Keywords: Streptococcus pneumoniae, Invasive pneumococcal disease, Serotypes, Drug resistance

Introduction

Streptococcus pneumoniae kills at least one million children who are under the age of five years, every year, globally. More than 70% of the deaths are seen in developing countries [1]. A recent UNICEF publication estimated that 410,000 children who were under age of 5 years died of pneumonia each year in India [2] and data showed that an estimated 25% of all child related deaths in India were caused by pneumonia [3]. Inspite of the availability of antimicrobial therapy and introduction of pneumococcal vaccines, S. pneumoniae continues to be a major cause of morbidity and mortality worldwide [4].

Pneumococci cause diseases which range from acute otitis media and sinusitis, to more severe pneumonia, septicaemia and meningitis [5]. S. pneumoniae have been divided into more than 94 serogroups/types (SGTs) on the basis of the immunochemistry of their capsular polysaccharides. Virulence has been noted in certain serotypes, which accounts for a majority of invasive infections [6]. Serotypic distribution, which causes invasive infections, varies by age, time, place and socio economic conditions of the patient. [6] Among children, serotypes 6,14,9 and 23 account for a majority of infections which have been reported in the west, as well as in India [7,8].

Drug resistant pneumococci have emerged as a problem of global concern.[9] Penicillin has been the drug of choice for the treatment of pneumococcal infections, but the increasing number of reports on penicillin resistant pneumococci (PRP) throughout the world makes it essential to determine the prevalence of PRP regionally [10,11]. Moreover, the PRP has been reported to harbour resistance to other antimicrobial classes, thus making the treatment much more difficult [12]. Multidrug resistance (MDR) of pneumococci was first reported in 1977 in South Africa and subsequently in Europe [13] and United states [14]. Since then, low levels of MDR have been reported from few regions of India.

Most of the studies have utilized disk diffusion and agar dilution techniques for antimicrobial susceptibility testing, The disk diffusion method is cheap and easy to perform, but it offers only qualitative results. The dilution technique is time consuming and labour intensive [15]. Hence, an MIC determination is necessary, to confirm and to assess the degree of resistance [16].

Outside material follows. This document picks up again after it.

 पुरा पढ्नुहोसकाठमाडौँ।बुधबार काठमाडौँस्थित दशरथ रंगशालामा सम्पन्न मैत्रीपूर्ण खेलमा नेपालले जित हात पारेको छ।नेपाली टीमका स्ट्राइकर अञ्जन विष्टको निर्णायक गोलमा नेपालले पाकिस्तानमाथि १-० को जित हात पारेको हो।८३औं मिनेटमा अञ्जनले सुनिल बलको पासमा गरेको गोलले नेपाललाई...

This study was conducted to assess the prevalence of resistance to different groups of antibiotics in invasive S. pneumoniae and to verify the presence of MDR. Serogroups/types (SGTs) were identified and correlated with drug resistance.

Material and Methods

Study Site and Study Period

This prospective, active study was carried out in a tertiary care teaching hospital and research centre in Bangalore, from Feb 2009 to Feb 2011. S. pneumoniae which were isolated from children who were 28 days to ≤5 years old, who had IPD, were included in the study.

Bacterial Isolates

A total of 40 S. pneumoniae isolates were analyzed. Invasive isolates of S. pneumoniae were recovered from clinical specimens of normally sterile body sites such as, blood (n=36), CSF (n=3) and pleural fluid (n=1). The demographic, clinical, radiological and other investigational details of children was noted and scrutinized.

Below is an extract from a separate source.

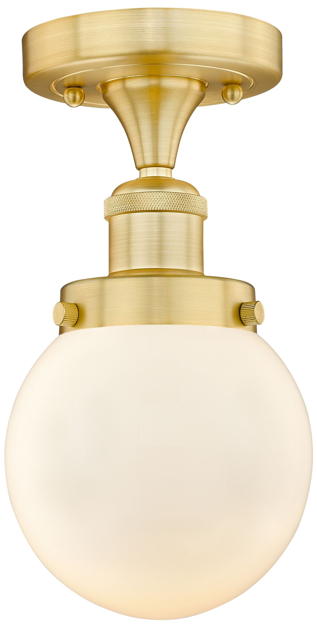 Beacon 6" Wide Satin Gold Semi.Flush Mount With Matte White Glass Shad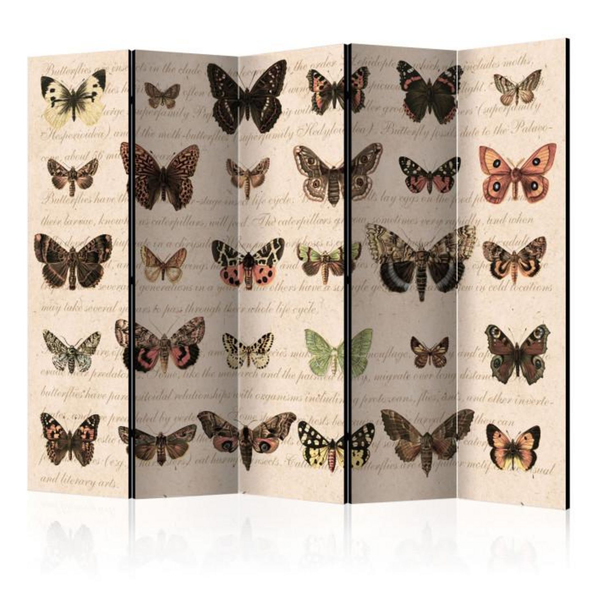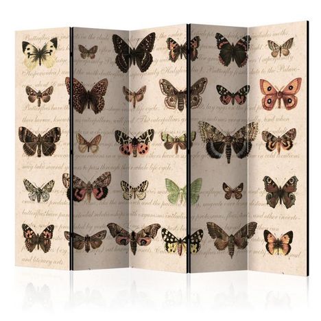 Paravent 5 Volets Retro Style : Butterflies 172x225cm

Identification, Serotyping and Antimicrobial Susceptibility Tests

Specimens (blood, CSF and pleural fluid) were inoculated into BACTEC Peds Plus/F blood culture bottles and they were incubated at 35°C in BACTECTM 9050 instrument (Becton Dickinson, Baltimore, USA) within 2 hours of their collections. The bottles were continuously agitated in the automated culture system for maximum recovery of organisms. Positive cultures were flagged by an indicator light and an audible alarm. The positive cultures were subcultured immediately onto sheep blood agar plates and the plates were incubated in a 5% CO2 incubator.

S. pneumoniae isolates were identified on the basis of colony morphology, gram staining, susceptibility to optochin and bile solubility tests, which were done by standard methods [17].

The strains were serotyped by the Quellung reaction according to the manufacturer’s recommendations. Test kits were obtained from Staten’s Serum Institute, Copenhagen, Denmark.

Antibiogram was performed by microdilution procedure using automated Siemens Microscan WalkAway® system with synergy panels (Siemens healthcare diagnostics Ltd, Frimley Camberley, UK). Standardized inoculum was prepared as per the manufacturer’s protocol. The antimicrobials which were tested were Penicillin, Erythromycin,Levofloxacin,Trimethoprim/Sulfamethoxazole(TMP-SMX), Vancomycin and Ceftriaxone. Strains were defined as Multidrug resistant if they showed resistance to three or more different groups of antibiotics.

MIC values of ≤0.06μg/ml defined Pneumococci as susceptible to penicillin, those of 0.12-1μg/ml defined them as Intermediately or relatively resistant and those of ≥2μg/ml defined them as highly resistant to oral penicillin V. For penicillin, parenteral (meningitis) doses of ≤0.06μg/ml and ≥0.12μg/ml could predict susceptibility and resistance respectively. MICs of ≤2μg/ml and ≥8μg/ml were the breakpoints for penicillin parenteral (nonmeningitis) [18].

All S. pneumoniae isolates which were identified in the local laboratory were confirmed by the Quintiles Central Laboratory at Singapore for quality control and assurance checks.

Ethics

This study was conducted in accordance with applicable laws and regulations. It was approved by the institutional review board and independent ethics committee. The subject’s parent(s) or legal guardian(s) completed written informed consent process.

Statistical Analysis

The statistical software, SPSS, v11.0 was used for the analysis of the data and for generation of figures and tables.

Results

Demographic Details

S. pneumoniae strains were isolated from children who were 28 days to ≤5 years old, who had IPD, who were living in south Bangalore region. Male to female ratio was 2.07:1 (Male= 27, 67.5% and Females= 13, 32.5%). Clinically, 25 (62.5%) patients were suffering from pneumonia, 11(27.4%) were suffering from bacteraemia, 4 (10%) were suffering from meningitis.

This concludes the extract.